五年的婚姻,她最开始确实是在利用俞沉交给世俗一份满意的答卷,不仅让小已死心,也能让周围人对她有意无意的催婚停息一些,但是到今天她能说自己早就和俞沉互不相欠,她也没必要给任何人情面。
尤其是俞沉当着她的面都对孩子灌输一些诋毁她的话,她什么都没做,凭什么要承担。
一句话,撇清和俞沉的所有关系,连对孩子那一丝怜悯之心都没有了。
孩子的确什么都没有做错,他唯一的错就是他的父母并没有给她留余地。
撇清关系之后,温浅筠担心俞沉再气急败坏做什么事,她立刻波澜不惊的警告他, ”别再靠近我,你知道我随身携带了什么东西。 ”
谭叙已还想说点什么,但是已经被温浅筠拉出人群。
一场简短的闹剧结束,谭叙已站在寒风中,大口大口的呼吸着。
她不允许温阿姨受到任何诋毁,她不允许。
坐在花坛边,谭叙已双手叉腰, ”他怎么能那么自信?他那张嘴啊,我好想给他撕碎,以前就没有发现他竟然是这种人。 ”

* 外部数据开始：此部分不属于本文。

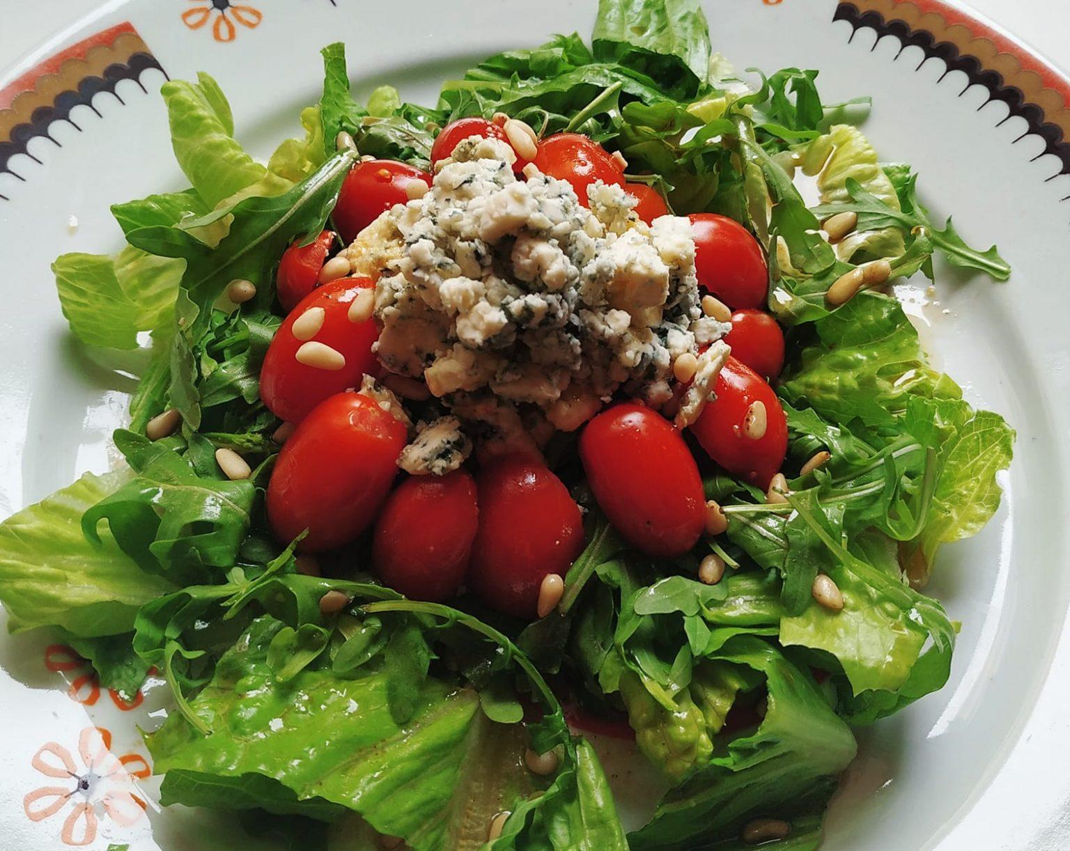 Δροσερή πράσινη σαλάτα με ροκφόρ, ντοματίνια και σάλτσα μελιού
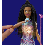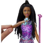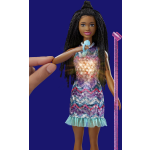 De Barbie-pop "Brooklyn" is gekleed in een prachtige jurk en draagt blauwe schoenen. Met accessoires zoals een gitaar, headset, microfoon en standaard kan ze het podium rocken en haar talent laten zien. Deze pop is het perfecte cadeau voor kinderen van drie tot zeven jaar die dol zijn op zingen en muziek.
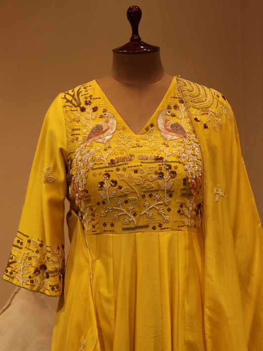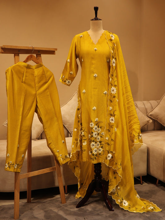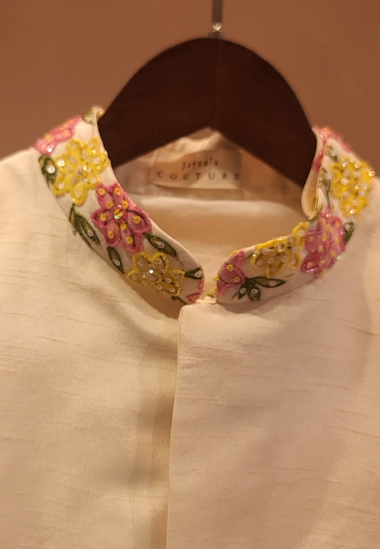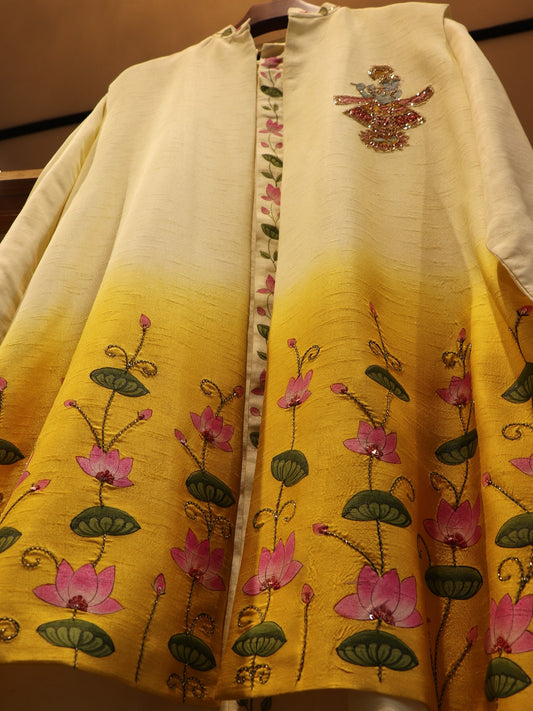 Yellow shaded pichwai shreenathji mens kurta jacket with pants

难以想象,这五年温阿姨每一次和他产生分歧的时候会听到一些怎样荒谬难听的话,到现在她已经到了麻木的程度,而俞沉都已经一步步走到今天的地步,他竟然依旧丝毫没有反省过自己的问题。
俞沉的确是因为事业上的成就把他捧得太高,生活太过顺遂之后,自然而然生出太多不可理喻的优越感,让他内里充满狂妄的自大。